# 1992 HB Pickup-Fan Belt



## ButchM1 (Mar 15, 2011)

Hi...I'm new to this forum and a novice at car repair. My fanbelt broke on my 1992 Pickup (2wd 4cyl). The truck has been in a slight front-end collision and right now I have the bumper, grille, AC condensor, radiator, and fan removed. I purchased a new belt and have it on, but how do I tighten the belt? Thanks everyone!


----------



## 4X4 (Nov 2, 2010)

Depends on which belt. You have three belts if you have the AC option. We'll call them Belt A B and C.

Belt (A) controls the Power Steering.
Belt (B) controls the AC Compressor. 
Belt (C) controls the Alternator and Water Pump.

Now those are labeled if you're going from front to back. seeing that you're talking about the fan belt, I'll assume it be belt (C) which is adjusted with the alternator. The top bolt is loosened then tightened when the correct tension is acquired. 

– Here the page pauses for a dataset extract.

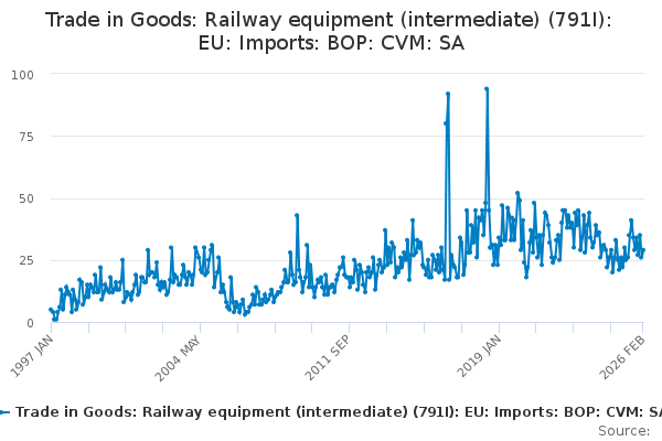 Download this time seriesTrade in Goods: Railway equipment (intermediate) (791I): EU: Imports: BOP: CVM: SA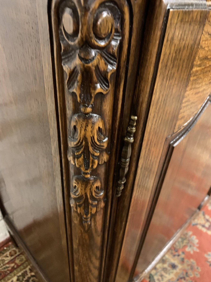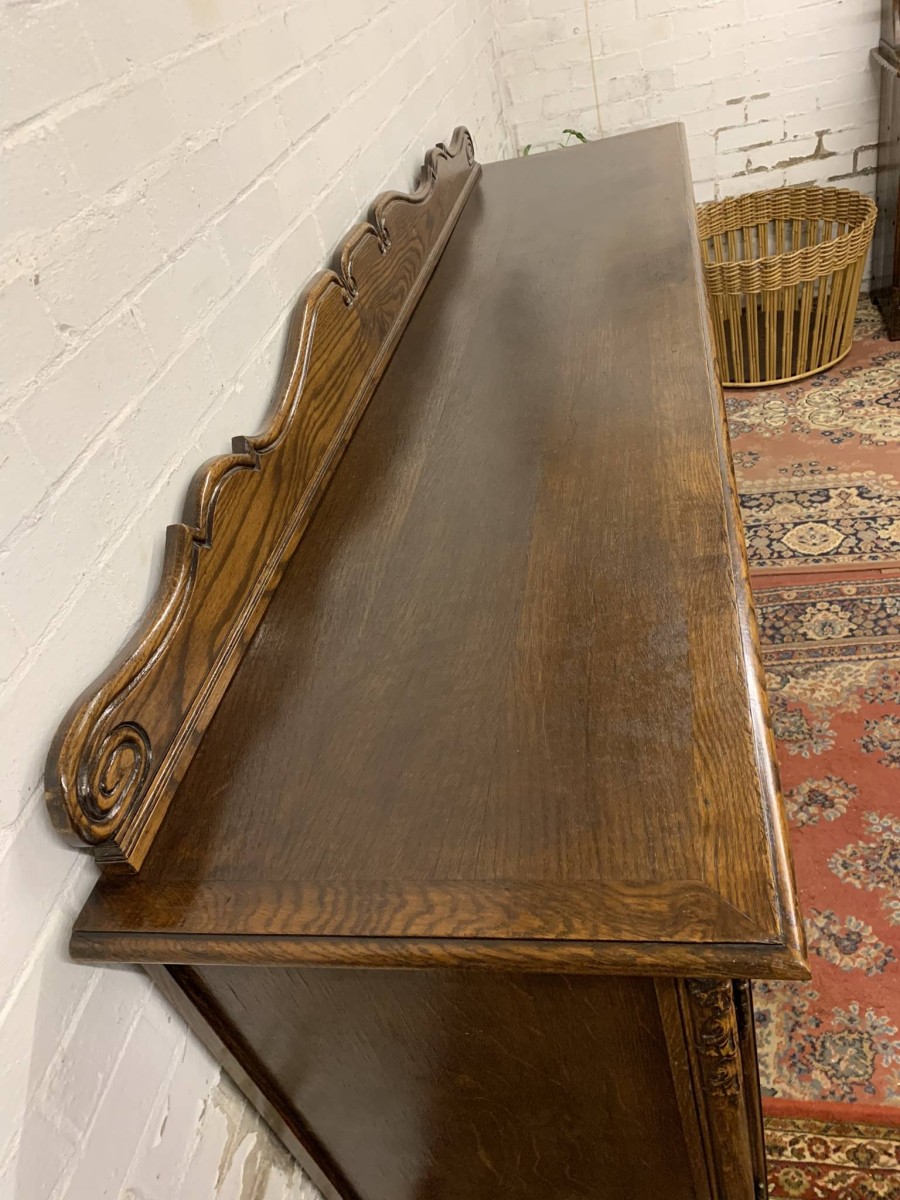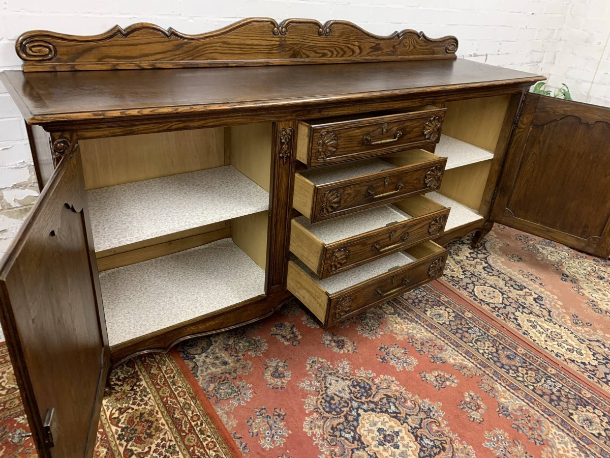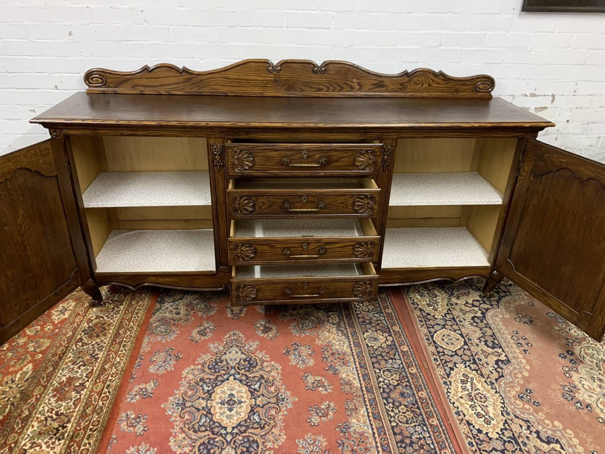 This fabulous French dresser is in excellent condition. The shaped back is removable. The oversailing top has a cross banded edge. Below are a central bank of four carved lockable drawers, each drawer having a brass drop handle. The drawers are flanked by a pair of shaped recessed panelled lockable cupboard doors, each drawer having brass hinges, decorative brass escutcheon and key. The doors open to reveal a removable shelf. Recessed panelled sides, shaped skirt with decorative central carving this super French enfilade stands on two carved cabriole shaped legs to the front.

Just in case this isn't too helpful, Here's http://s1114.photobucket.com/albums/k525/sccopple/Helping stuff/?action=view&current=BeltDiagram.jpg picture of the Belt Diagram and it gives you the tension adjustment points. I hope this helps!


----------



## ButchM1 (Mar 15, 2011)

Thank you 4X4...I have the belt tighten now. The diagram was great! My truck is funny that it doesn't have power steering, but it does have A/C. Therefore, I have belts "B" and "C". Actually, I don't have A/C now, as my condensor in front of the radiator was damaged in the accident and I can't afford to replace it right now.


----------



## 4X4 (Nov 2, 2010)

You're very welcome! I'm always glad to be able to help anyone. Don't feel bad. Mine didn't come with AC lol. It was factory deleted. Very basic, All manual. No frills or excitement. I like it best that way, less can go wrong with! I only have Belts (A) and (C).


----------